Common patterns become reusable templates:

  • Parameter sweep structures

  • Data saver configurations

  • Measurement loops

  • Post-processing steps

Safety and Limitations

Read-Only Access

Database integration is strictly read-only:

  • No dataset modification

  • No experiment deletion

  • No parameter changes

  • Query-only operations

This ensures measurement data integrity.

Performance Considerations

  • Database queries are cached briefly

  • Large databases may have slower queries

  • Use filters to limit result size

  • Statistics are computed on-demand

Privacy

The LLM can see:

  • All experiment metadata

  • Parameter names and values

  • Measurement timestamps

  • Dataset relationships

Consider this when using cloud-based LLMs with proprietary data.

Configuration

Database Path

Set default database in QCodes config:

import qcodes as qc
qc.config.core.db_location = "/path/to/database.db"

Or provide path explicitly in tool calls:

list_experiments(database_path="/custom/path/experiments.db")

MeasureIt Integration

When MeasureIt is available, the default database is:

$MeasureItHome/Databases/Example_database.db

This is set automatically if MeasureIt is installed.

Resource Configuration

Configure resource behavior in db_resources.py:

  • Number of recent measurements

  • Pattern recognition threshold

  • Template generation rules

Troubleshooting

“Database not found”

If database path is incorrect:

  1. Check qcodes.config.core.db_location

  2. Verify file exists: ls /path/to/database.db

  3. Use explicit path in tool calls

  4. Check file permissions

“Databases/Databases/ nested directories created”

This happens when using relative paths incorrectly with init_database():

Problem: Using database_path="Databases/measurements.db" creates nested structure

# This creates the wrong structure:
data_dir/
  Databases/
    Databases/           # ✗ Nested (confusing)
      measurements.db

Solution 1: Use just the filename

# Creates database in data_dir root
init_database("measurements.db")
# Result: data_dir/measurements.db

Solution 2: Use full relative path

# Creates proper nested structure
init_database("experiment1/Databases/measurements.db")
# Result: data_dir/experiment1/Databases/measurements.db

Solution 3: Use absolute path

# Explicit control over location
init_database("/full/path/to/measurements.db")

Prevention: The database_list_experiments tool with scan_nested=True now automatically excludes Databases/Databases/ patterns to avoid confusion.

“No datasets returned”

If queries return empty:

  1. Verify database has data: get_database_stats()

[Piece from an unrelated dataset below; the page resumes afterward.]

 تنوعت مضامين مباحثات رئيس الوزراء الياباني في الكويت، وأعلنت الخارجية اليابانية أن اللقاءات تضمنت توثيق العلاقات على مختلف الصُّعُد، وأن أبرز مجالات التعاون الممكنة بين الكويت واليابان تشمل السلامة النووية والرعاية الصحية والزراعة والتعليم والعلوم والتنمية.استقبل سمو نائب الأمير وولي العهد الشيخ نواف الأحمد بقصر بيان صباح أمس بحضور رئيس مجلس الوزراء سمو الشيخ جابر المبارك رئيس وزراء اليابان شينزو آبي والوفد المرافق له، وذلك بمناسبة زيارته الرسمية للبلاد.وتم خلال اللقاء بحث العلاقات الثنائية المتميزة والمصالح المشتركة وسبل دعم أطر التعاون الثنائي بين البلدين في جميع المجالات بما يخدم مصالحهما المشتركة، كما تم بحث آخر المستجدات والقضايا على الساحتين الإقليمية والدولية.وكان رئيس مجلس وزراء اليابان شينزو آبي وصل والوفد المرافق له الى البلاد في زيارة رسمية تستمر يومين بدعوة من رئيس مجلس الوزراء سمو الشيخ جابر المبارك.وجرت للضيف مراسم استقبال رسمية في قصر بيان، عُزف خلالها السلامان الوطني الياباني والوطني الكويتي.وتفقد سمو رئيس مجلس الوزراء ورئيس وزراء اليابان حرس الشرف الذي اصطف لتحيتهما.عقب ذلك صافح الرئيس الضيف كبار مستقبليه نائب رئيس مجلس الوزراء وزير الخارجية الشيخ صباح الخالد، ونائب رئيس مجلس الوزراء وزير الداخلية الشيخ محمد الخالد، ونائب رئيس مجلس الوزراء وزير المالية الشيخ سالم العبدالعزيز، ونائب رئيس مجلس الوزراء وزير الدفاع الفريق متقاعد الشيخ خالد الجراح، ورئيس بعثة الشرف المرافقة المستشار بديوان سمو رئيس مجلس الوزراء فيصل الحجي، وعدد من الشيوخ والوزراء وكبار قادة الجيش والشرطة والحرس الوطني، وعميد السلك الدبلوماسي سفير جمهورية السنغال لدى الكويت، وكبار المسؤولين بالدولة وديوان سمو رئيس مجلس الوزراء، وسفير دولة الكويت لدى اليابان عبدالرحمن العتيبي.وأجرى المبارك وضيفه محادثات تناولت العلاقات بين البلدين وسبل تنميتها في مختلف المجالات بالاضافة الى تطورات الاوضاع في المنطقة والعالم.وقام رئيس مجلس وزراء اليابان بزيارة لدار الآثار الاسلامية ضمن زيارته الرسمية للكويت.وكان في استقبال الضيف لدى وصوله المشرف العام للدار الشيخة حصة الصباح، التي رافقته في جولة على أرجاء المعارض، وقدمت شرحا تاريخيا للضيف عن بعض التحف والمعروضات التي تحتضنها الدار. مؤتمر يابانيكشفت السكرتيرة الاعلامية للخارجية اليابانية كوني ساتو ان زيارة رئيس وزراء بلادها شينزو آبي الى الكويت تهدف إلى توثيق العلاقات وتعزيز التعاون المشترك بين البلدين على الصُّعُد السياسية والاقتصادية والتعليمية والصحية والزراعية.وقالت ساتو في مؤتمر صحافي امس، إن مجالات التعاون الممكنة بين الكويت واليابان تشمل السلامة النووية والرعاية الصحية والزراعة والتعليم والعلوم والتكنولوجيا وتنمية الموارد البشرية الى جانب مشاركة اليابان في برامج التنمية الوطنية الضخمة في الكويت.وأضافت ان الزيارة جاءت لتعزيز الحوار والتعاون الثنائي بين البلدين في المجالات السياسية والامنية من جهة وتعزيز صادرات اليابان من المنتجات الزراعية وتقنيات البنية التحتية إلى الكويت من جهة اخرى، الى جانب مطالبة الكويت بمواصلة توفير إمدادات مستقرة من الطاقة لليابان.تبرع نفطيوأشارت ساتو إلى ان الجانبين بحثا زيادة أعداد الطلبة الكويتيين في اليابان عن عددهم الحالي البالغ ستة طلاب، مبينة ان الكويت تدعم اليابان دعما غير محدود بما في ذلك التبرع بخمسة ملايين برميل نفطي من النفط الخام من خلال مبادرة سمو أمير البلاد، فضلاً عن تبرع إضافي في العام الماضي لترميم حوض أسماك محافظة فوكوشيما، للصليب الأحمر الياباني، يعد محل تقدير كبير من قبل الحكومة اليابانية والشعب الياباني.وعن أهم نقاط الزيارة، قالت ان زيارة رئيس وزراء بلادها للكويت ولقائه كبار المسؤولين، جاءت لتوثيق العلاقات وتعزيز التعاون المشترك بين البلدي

  2. Check experiment name filters

  3. Verify date range

  4. Inspect database directly:

sqlite3 /path/to/database.db
SELECT COUNT(*) FROM runs;

“Database is locked”

If database is in use:

  1. Close other QCodes sessions

  2. Wait for running measurements to complete

  3. Use read-only connection (automatic in InstrMCP)

Performance Issues

For slow queries on large databases:

  1. Add more specific filters (experiment ID, date range)

  2. Limit number of results

  3. Use get_dataset_info for specific datasets

  4. Consider database cleanup/archiving

Advanced Usage

Custom Database Queries

For advanced queries, you can extend the database tools in:

instrmcp/extensions/database/query_tools.py

Example custom query:

def find_measurements_by_parameter(
    param_name: str,
    database_path: Optional[str] = None
) -> List[Dict[str, Any]]:
    """Find all measurements that include a specific parameter."""
    db_path = get_default_db_path(database_path)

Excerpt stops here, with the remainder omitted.